### [THE DATA]
_ _ _ _

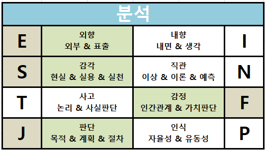 MBTI 기준으로 총 4개의 유형으로 나눠지는데요
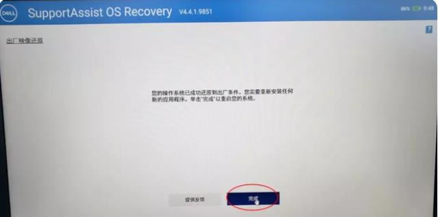 10.提示恢復(fù)成功后,點擊完成重啟計算機,初始設(shè)置系統(tǒng)并進入桌面。
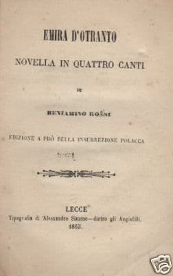 Beniamino Rossi, Emira D’Otranto (Lecce, 1863) Edizione Rara Pro Insurrezione Polacca

_ _ _ _

Reproduce the material word for word. Skip every picture it holds.

### [SOLUTION FOR THIS TASK]
 MBTI 기준으로 총 4개의 유형으로 나눠지는데요
 10.提示恢復(fù)成功后,點擊完成重啟計算機,初始設(shè)置系統(tǒng)并進入桌面。
 Beniamino Rossi, Emira D’Otranto (Lecce, 1863) Edizione Rara Pro Insurrezione Polacca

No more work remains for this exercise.